Background information
- Born: February 11, 1973 (age 53) Menomonie, Wisconsin, U.S.
- Genres: Jazz, avant-garde jazz
- Occupation: Musician
- Instrument: Piano
- Labels: Fresh Sound, Sunnyside, HighNote, Criss Cross, ECM
- Website: www.ethaniverson.com

= Ethan Iverson =

American pianist, composer, and critic

Ethan Iverson (born February 11, 1973) is a pianist, composer, and critic who was part of the avant-garde jazz trio The Bad Plus with bassist Reid Anderson and drummer Dave King.

== Biography ==
Iverson was born in Menomonie, Wisconsin. Before forming The Bad Plus, he was musical director of the Mark Morris Dance Group and a student of Fred Hersch and Sophia Rosoff. He has worked with artists such as Billy Hart, Kurt Rosenwinkel, Tim Berne, Mark Turner, Ben Street, Lee Konitz, Albert "Tootie" Heath, Paul Motian, Larry Grenadier, Charlie Haden and Ron Carter. He currently studies with John Bloomfield and is on the faculty of the New England Conservatory.
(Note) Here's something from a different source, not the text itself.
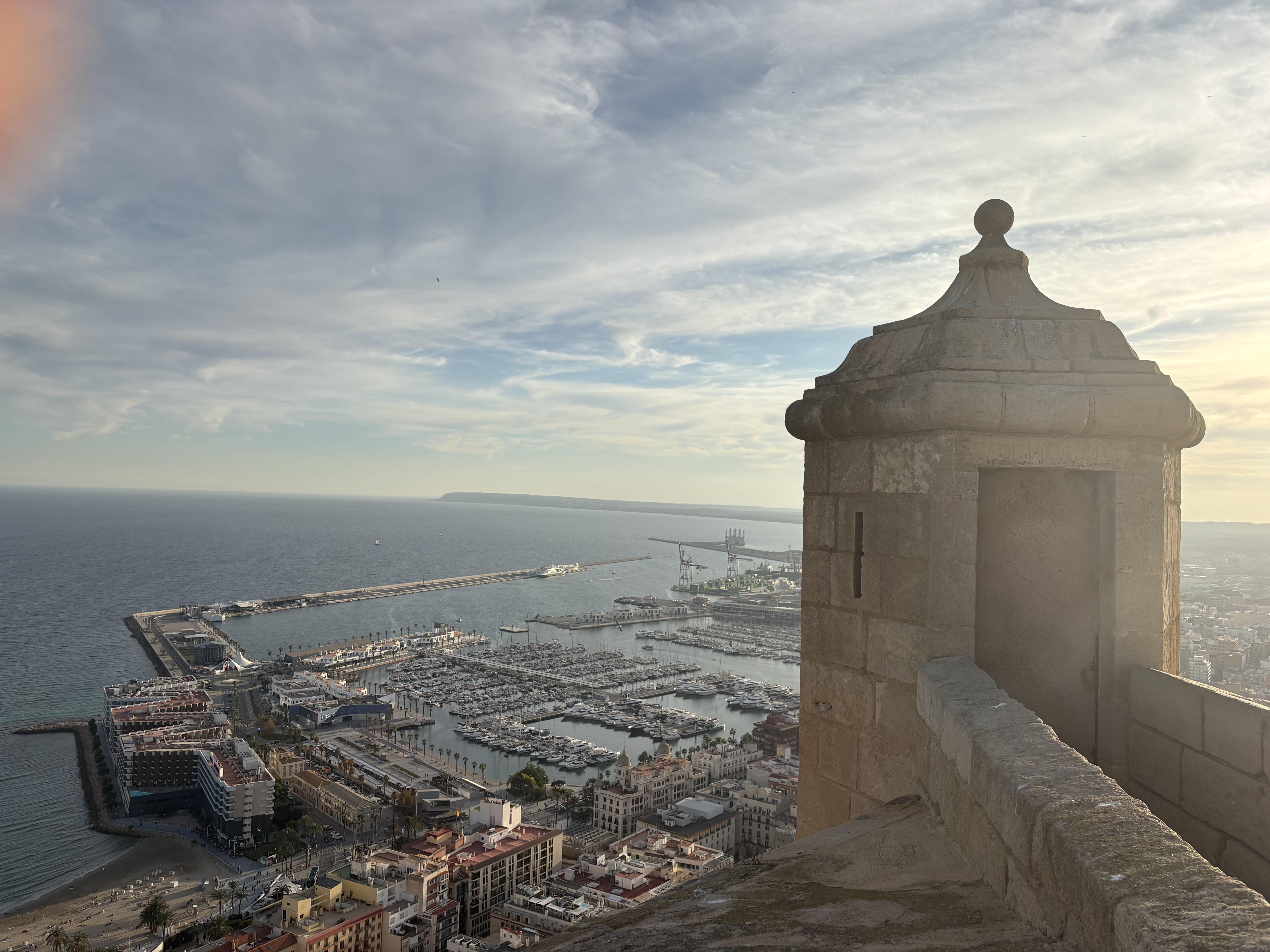 Además del lenguaje, la historia de la arquitectura en Alicante fue fascinante. Visitamos la cercana ciudad de Elche, patrimonio de la humanidad de la UNESCO con el bosque de palmeras más grande de Europa. Se llama el Palmeral de Elche. También hay un sistema de riego creado por los musulmanes hace muchos siglos. El sur de España está fuertemente influenciado por los asentamientos musulmanes. También visitamos el Castillo de Santa Bárbara. Los musulmanes estaban originalmente a cargo, y luego un príncipe conquistó el castillo el cuatro de diciembre, que ahora es el Día de Santa Bárbara. Las personas en países de Oriente Medio celebran este día también. Las cúpulas, los arcos y los minaretes, o torres, son símbolos de la arquitectura islámica que estaban presentes en el castillo.

In 2017, the Bad Plus announced that Iverson was leaving the group, to be replaced by Orrin Evans. Also in 2017, the Mark Morris Dance Group premiered Pepperland, for which Iverson composed the score (derived from parts of the Beatles' Sgt. Pepper's Lonely Hearts Club Band) and led the band during performances. Iverson then became the group's music director for five years.

In 2018, Iverson premiered his Concerto to Scale with the American Composers Orchestra; released the album Temporary Kings with saxophonist Mark Turner on the ECM label; and toured Europe with the Billy Hart Quartet.
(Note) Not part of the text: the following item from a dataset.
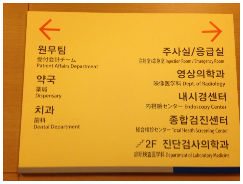 로비에서의 화려하고 웅장했던 분위기와는 달리 병실과 진찰실들의 분위기는 다소 소박했지만, 환자들의 배려를 위한 여러 가지 세심한 노력의 손길이 곳곳에 넘치고 있었다. 병원의 환자들이 거의 외국인이라는 것을 고려하여 모든 사인에 영어와 일어 중국어의 표기를 해 놓은 것이 인상적이었는데 디자인 측면으로 보기엔 조금 어수선해 보이겠지만 ? 위해선 친절한 4개 국어 표시로 환자들이 잘 찾을 수 있도록 하였다.
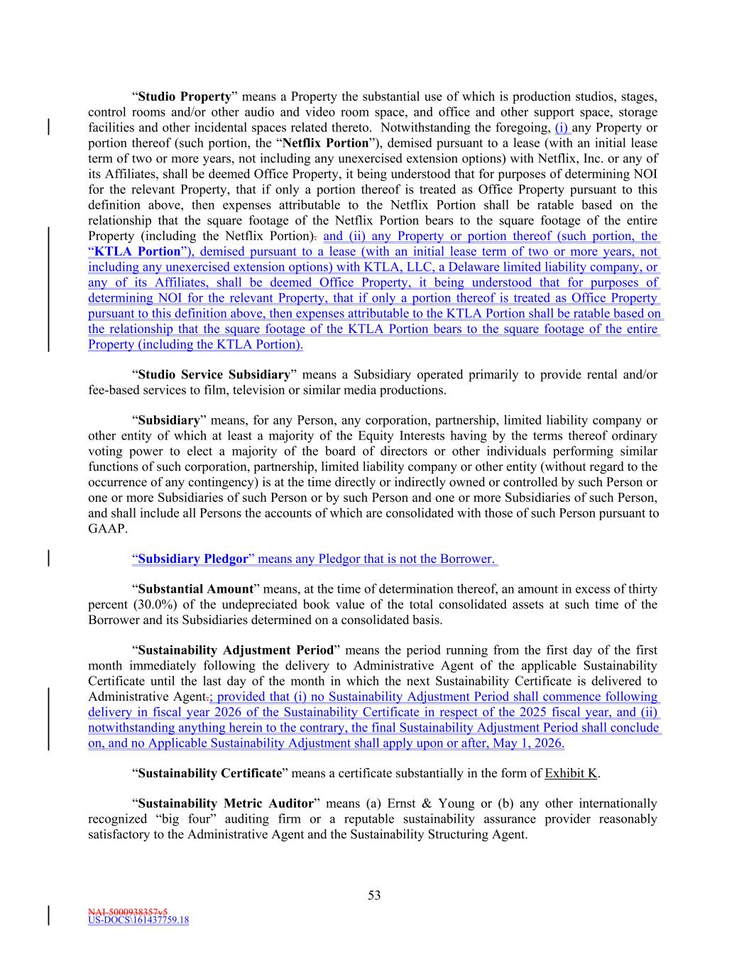 NAI-5000938357v5 US-DOCS\161437759.18 53 “Studio Property” means a Property the substantial use of which is production studios, stages, control rooms and/or other audio and video room space, and office and other support space, storage facilities and other incidental spaces related thereto. Notwithstanding the foregoing, (i) any Property or portion thereof (such portion, the “Netflix Portion”), demised pursuant to a lease (with an initial lease term of two or more years, not including any unexercised extension options) with Netflix, Inc. or any of its Affiliates, shall be deemed Office Property, it being understood that for purposes of determining NOI for the relevant Property, that if only a portion thereof is treated as Office Property pursuant to this definition above, then expenses attributable to the Netflix Portion shall be ratable based on the relationship that the square footage of the Netflix Portion bears to the square footage of the entire Property (including the Netflix Portion). and (ii) any Property or portion thereof (such portion, the “KTLA Portion”), demised pursuant to a lease (with an initial lease term of two or more years, not including any unexercised extension options) with KTLA, LLC, a Delaware limited liability company, or any of its Affiliates, shall be deemed Office Property, it being understood that for purposes of determining NOI for the relevant Property, that if only a portion thereof is treated as Office Property pursuant to this definition above, then expenses attributable to the KTLA Portion shall be ratable based on the relationship that the square footage of the KTLA Portion bears to the square footage of the entire Property (including the KTLA Portion). “Studio Service Subsidiary” means a Subsidiary operated primarily to provide rental and/or fee-based services to film, television or similar media productions. “Subsidiary” means, for any Person, any corporation, partnership, limited liability company or other entity of which at least a majority of the Equity Interests having by the terms thereof ordinary voting power to elect a majority of the board of directors or other individuals performing similar functions of such corporation, partnership, limited liability company or other entity (without regard to the occurrence of any contingency) is at the time directly or indirectly owned or controlled by such Person or one or more Subsidiaries of such Person or by such Person and one or more Subsidiaries of such Person, and shall include all Persons the accounts of which are consolidated with those of such Person pursuant to GAAP. “Subsidiary Pledgor” means any Pledgor that is not the Borrower. “Substantial Amount” means, at the time of determination thereof, an amount in excess of thirty percent (30.0%) of the undepreciated book value of the total consolidated assets at such time of the Borrower and its Subsidiaries determined on a consolidated basis. “Sustainability Adjustment Period” means the period running from the first day of the first month immediately following the delivery to Administrative Agent of the applicable Sustainability Certificate until the last day of the month in which the next Sustainability Certificate is delivered to Administrative Agent.; provided that (i) no Sustainability Adjustment Period shall commence following delivery in fiscal year 2026 of the Sustainability Certificate in respect of the 2025 fiscal year, and (ii) notwithstanding anything herein to the contrary, the final Sustainability Adjustment Period shall conclude on, and no Applicable Sustainability Adjustment shall apply upon or after, May 1, 2026. “Sustainability Certificate” means a certificate substantially in the form of Exhibit K. “Sustainability Metric Auditor” means (a) Ernst & Young or (b) any other internationally recognized “big four” auditing firm or a reputable sustainability assurance provider reasonably satisfactory to the Administrative Agent and the Sustainability Structuring Agent.

In 2019, Iverson and trumpeter Tom Harrell released the album Common Practice, recorded at the Village Vanguard, on ECM. Iverson also served as an artistic director of the 2019 Jazz te Gast festival in the Netherlands, at which his orchestral piece Solve for X premiered.

In 2021, Iverson's album Bud Powell in the 21st Century, featuring Ingrid Jensen, Dayna Stephens, Ben Street, Lewis Nash, and the Umbria Jazz Orchestra, was released on Sunnyside Records.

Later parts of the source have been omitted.